Shrirangia

Scientific classification
- Kingdom: Plantae
- Clade: Tracheophytes
- Clade: Angiosperms
- Clade: Eudicots
- Clade: Asterids
- Order: Apiales
- Family: Apiaceae
- Genus: Shrirangia Gosavi, Madhav & Chandore
- Species: S. concanensis
- Binomial name: Shrirangia concanensis Gosavi, Madhav & Chandore

= Shrirangia =

- Genus: Shrirangia
- Species: concanensis
- Authority: Gosavi, Madhav & Chandore
- Parent authority: Gosavi, Madhav & Chandore

Genus of flowering plants

Shrirangia is a genus of flowering plants in the family Apiaceae. It includes a single species, Shrirangia concanensis, which is endemic to Maharashtra state in western India. It is a slender-stemmed perennial herb, 10–50 cm tall, which grows from a tuberous root.

It is found on low-elevation lateritic plateaus in the Ratnagiri and Sindhudurg districts in the Konkan region of Maharashtra. It grows in the shade of trees and shrubs including Holarrhena pubescens, Breynia retusa, Leea asiatica, Memecylon umbellatum, and Microcos paniculata, often in association with Dioscorea bulbifera, Dipcadi concanense, Flemingia tuberosa, Impatiens minor, Ischaemum sp., Neuracanthus sphaerostachyus, Rostellularia sp., Sida sp., Senecio belgaumensis, and Theriophonum dalzellii.
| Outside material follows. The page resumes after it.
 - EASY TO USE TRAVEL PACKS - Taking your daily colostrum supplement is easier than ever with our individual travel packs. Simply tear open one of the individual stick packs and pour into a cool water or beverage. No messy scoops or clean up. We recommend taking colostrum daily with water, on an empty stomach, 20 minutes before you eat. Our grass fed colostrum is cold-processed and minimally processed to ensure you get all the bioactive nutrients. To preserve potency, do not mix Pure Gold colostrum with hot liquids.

The genus and species were first described in 2022 by Gosavi, Madhav and Chandore. It has morphological affinities with genus Chamaesium H.Wolff., which is native to the Himalayas, and Karnataka P.K.Mukh. & Constance which is also native to western India. The genus name honors Dr. Shrirang Ramchandra Yadav, an Indian botanist and professor in the Department of Botany at Shivaji University, Kolhapur. The species epithet is derived from the Konkan region of Maharashtra where the species was found.